WHAT THIS TASK INVOLVES:
With the pictures left out, retype exactly the lines below starting at the line that contains "Haz de tu rutina" and ending at the line that contains "Biểu đồ biến".

>>

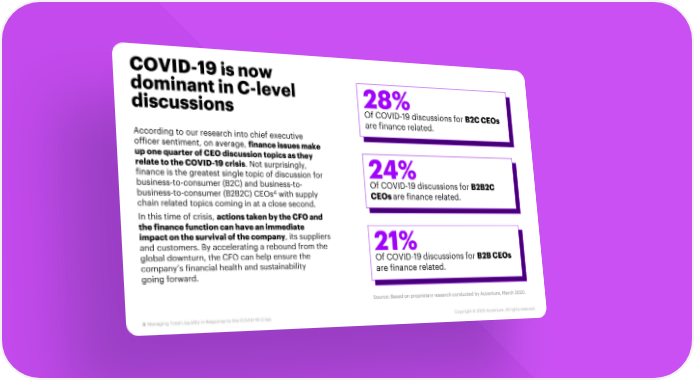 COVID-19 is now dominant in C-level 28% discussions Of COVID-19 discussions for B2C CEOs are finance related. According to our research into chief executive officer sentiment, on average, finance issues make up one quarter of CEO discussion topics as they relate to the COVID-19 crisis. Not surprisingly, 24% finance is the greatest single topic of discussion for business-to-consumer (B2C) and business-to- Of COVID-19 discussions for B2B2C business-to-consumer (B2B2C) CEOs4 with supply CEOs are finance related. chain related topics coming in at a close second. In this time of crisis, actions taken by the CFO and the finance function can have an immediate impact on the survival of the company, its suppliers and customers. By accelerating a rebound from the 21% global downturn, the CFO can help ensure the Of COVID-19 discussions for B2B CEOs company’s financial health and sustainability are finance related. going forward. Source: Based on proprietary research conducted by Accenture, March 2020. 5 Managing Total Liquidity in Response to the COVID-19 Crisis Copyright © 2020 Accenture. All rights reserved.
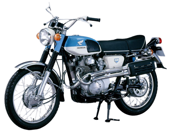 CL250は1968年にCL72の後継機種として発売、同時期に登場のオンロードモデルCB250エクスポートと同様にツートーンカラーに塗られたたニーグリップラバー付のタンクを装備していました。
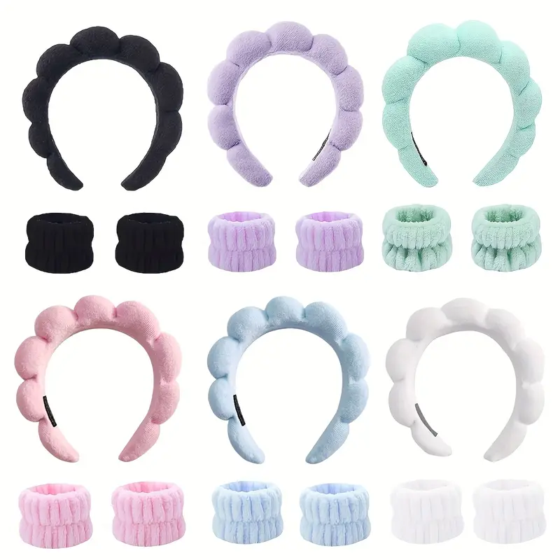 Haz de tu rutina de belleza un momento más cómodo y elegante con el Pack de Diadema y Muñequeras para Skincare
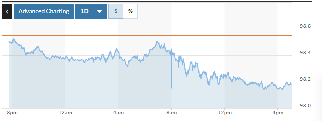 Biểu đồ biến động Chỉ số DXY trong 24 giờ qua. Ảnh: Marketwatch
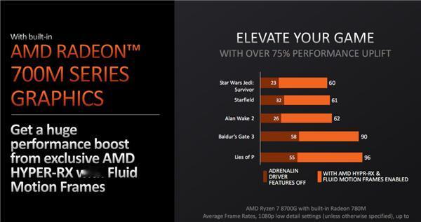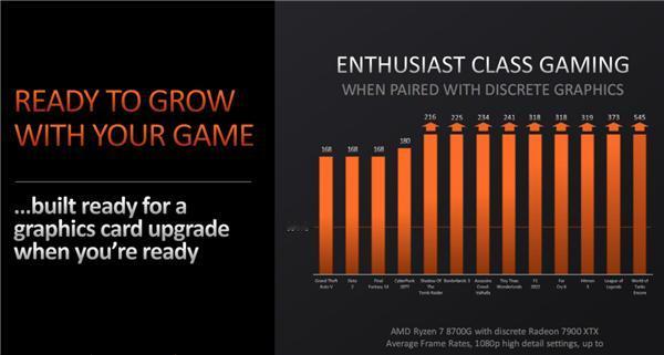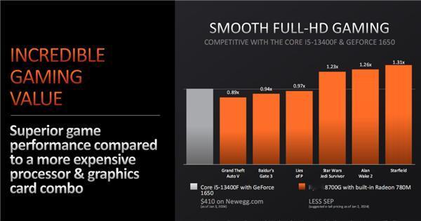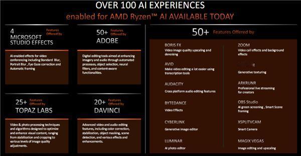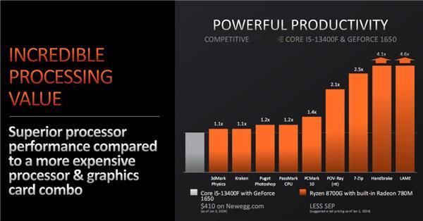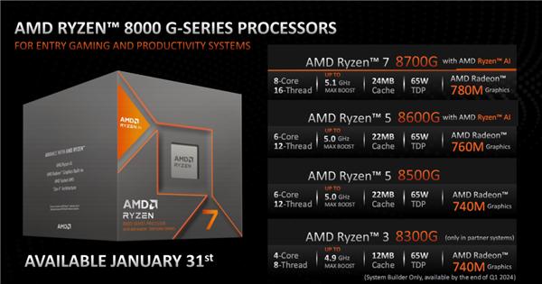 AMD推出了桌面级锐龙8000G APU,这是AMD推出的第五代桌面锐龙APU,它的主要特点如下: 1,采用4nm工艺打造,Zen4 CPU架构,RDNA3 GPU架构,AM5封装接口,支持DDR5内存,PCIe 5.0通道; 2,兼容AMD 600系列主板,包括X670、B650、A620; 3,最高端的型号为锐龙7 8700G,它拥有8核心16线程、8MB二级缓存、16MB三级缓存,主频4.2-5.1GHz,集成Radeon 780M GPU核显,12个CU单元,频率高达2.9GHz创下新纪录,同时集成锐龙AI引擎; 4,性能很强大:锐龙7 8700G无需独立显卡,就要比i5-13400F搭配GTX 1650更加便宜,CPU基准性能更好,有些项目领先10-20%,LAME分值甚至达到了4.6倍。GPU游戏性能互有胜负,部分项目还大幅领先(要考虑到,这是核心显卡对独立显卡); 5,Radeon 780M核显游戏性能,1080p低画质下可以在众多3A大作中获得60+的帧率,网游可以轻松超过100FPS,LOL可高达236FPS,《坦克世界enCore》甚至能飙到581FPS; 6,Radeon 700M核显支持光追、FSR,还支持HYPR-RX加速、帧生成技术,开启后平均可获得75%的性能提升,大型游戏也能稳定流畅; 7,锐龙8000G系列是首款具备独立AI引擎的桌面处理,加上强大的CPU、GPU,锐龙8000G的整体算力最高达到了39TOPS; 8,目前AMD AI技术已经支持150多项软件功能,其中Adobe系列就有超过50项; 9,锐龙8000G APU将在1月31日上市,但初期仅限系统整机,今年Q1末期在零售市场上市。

<<

RESPONSE AREA:
 Haz de tu rutina de belleza un momento más cómodo y elegante con el Pack de Diadema y Muñequeras para Skincare
 Biểu đồ biến động Chỉ số DXY trong 24 giờ qua. Ảnh: Marketwatch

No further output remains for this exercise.